WHAT TO WORK ON → With the pictures left out, reproduce exactly the lines from the one containing "Muursticker 'Beer in Kleurrijke Luchtballon'" through the final line of the entries.

Collected data →
________________________

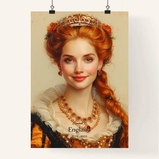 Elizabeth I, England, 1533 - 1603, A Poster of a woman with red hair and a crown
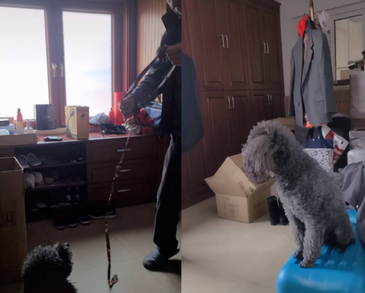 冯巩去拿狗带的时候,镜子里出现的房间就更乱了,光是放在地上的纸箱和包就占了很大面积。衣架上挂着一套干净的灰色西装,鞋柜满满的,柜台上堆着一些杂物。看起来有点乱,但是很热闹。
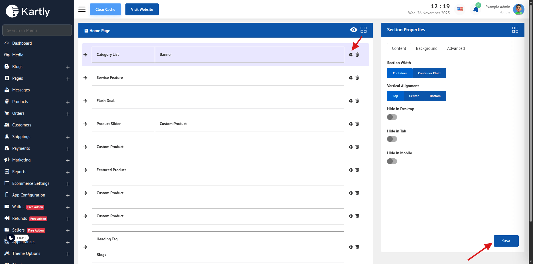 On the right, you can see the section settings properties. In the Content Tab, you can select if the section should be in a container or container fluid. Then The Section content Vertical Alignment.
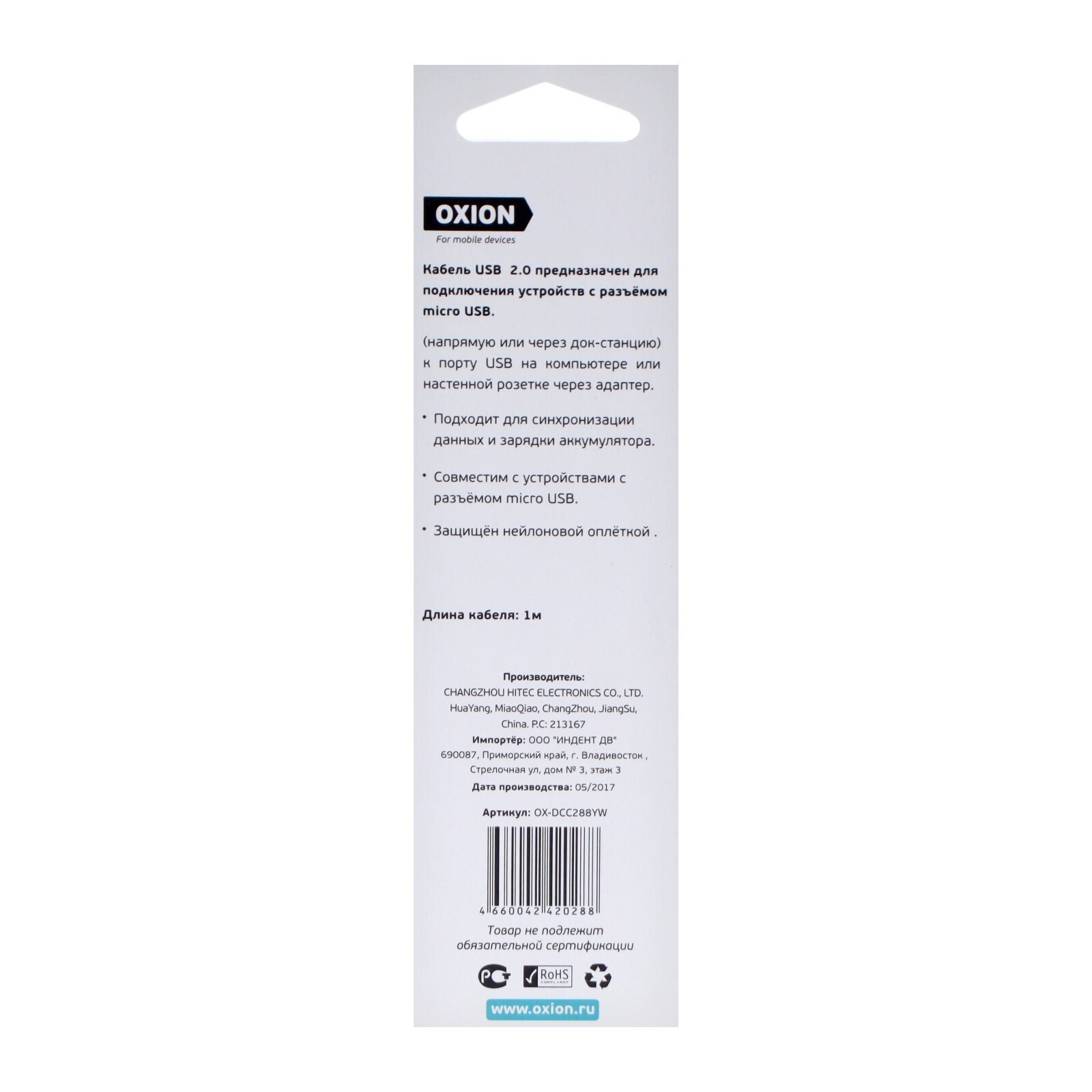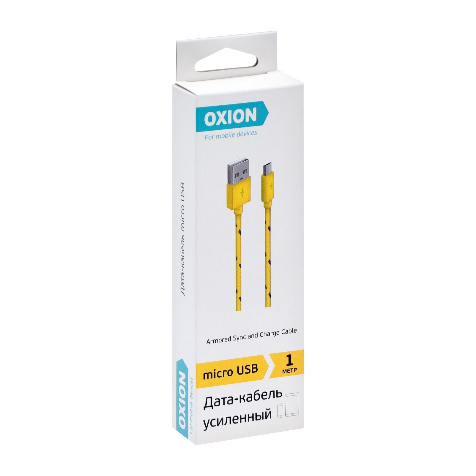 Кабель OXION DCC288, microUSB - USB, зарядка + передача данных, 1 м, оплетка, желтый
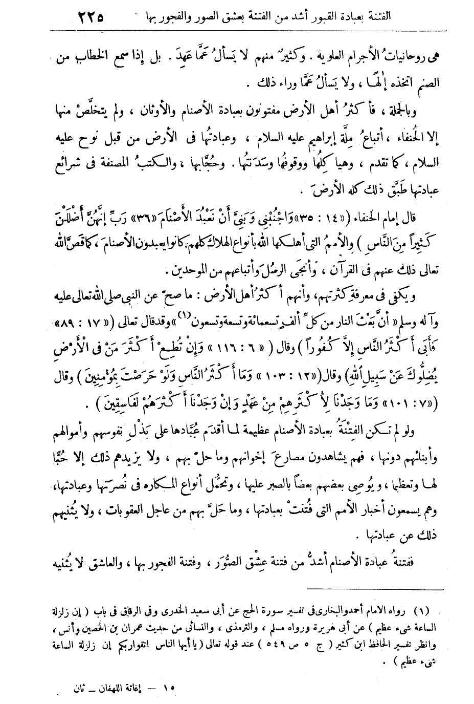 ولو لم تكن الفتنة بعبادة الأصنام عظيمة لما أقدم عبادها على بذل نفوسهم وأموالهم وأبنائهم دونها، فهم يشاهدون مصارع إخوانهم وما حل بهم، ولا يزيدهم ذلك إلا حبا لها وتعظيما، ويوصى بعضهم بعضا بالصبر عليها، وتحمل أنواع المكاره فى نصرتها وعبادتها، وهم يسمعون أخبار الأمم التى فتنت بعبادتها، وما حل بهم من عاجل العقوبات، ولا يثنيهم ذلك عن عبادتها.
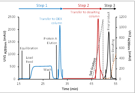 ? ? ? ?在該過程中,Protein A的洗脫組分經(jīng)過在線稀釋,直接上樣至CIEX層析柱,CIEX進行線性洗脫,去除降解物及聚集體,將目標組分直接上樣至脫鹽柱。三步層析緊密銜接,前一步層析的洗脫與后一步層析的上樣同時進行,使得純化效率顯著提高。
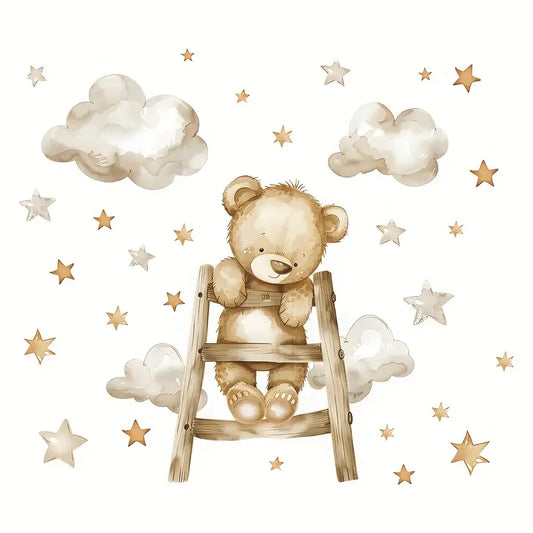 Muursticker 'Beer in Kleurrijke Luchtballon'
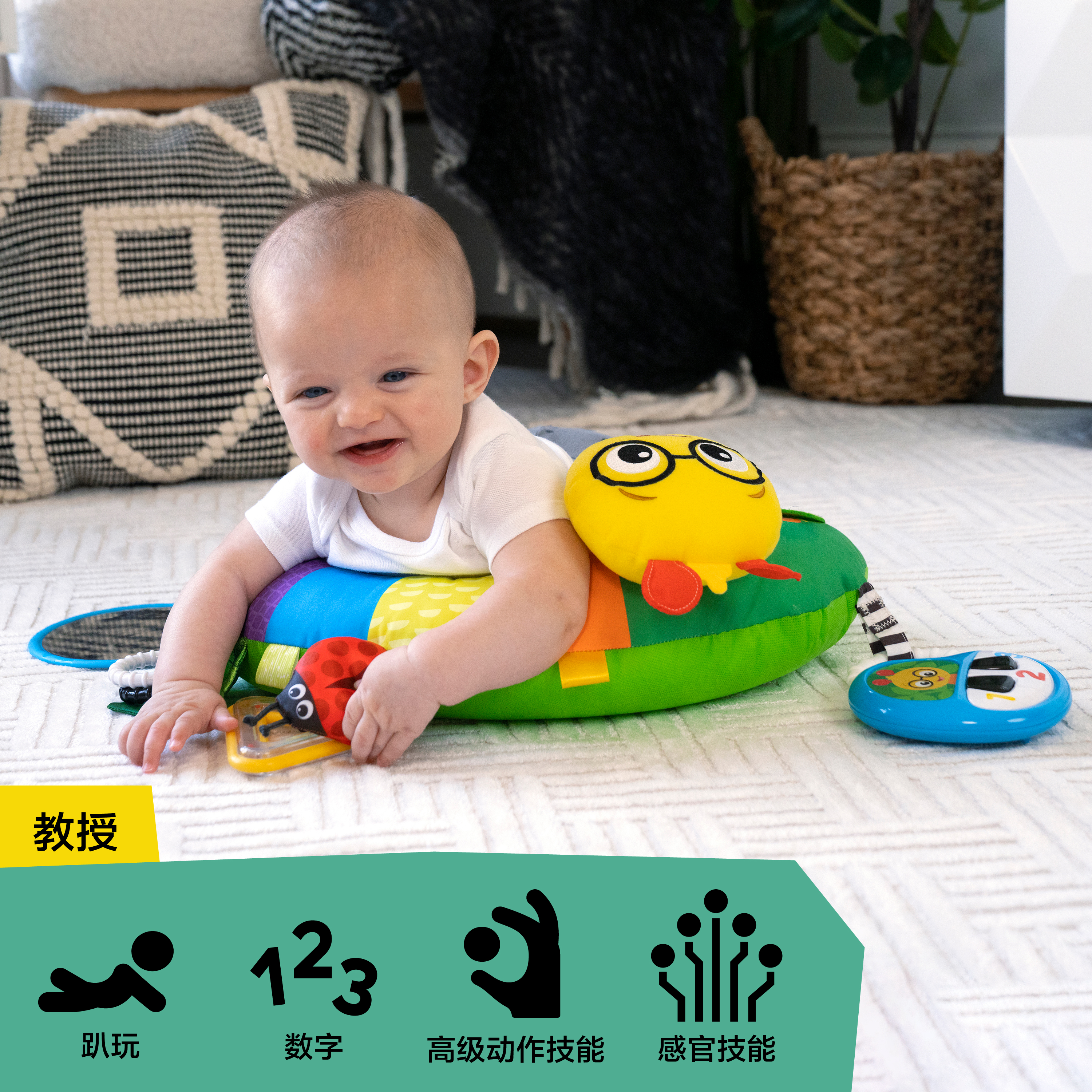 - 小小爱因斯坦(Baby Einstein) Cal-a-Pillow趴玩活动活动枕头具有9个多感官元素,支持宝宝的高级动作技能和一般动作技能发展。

________________________

YOUR RESPONSE →
 Muursticker 'Beer in Kleurrijke Luchtballon'
 - 小小爱因斯坦(Baby Einstein) Cal-a-Pillow趴玩活动活动枕头具有9个多感官元素,支持宝宝的高级动作技能和一般动作技能发展。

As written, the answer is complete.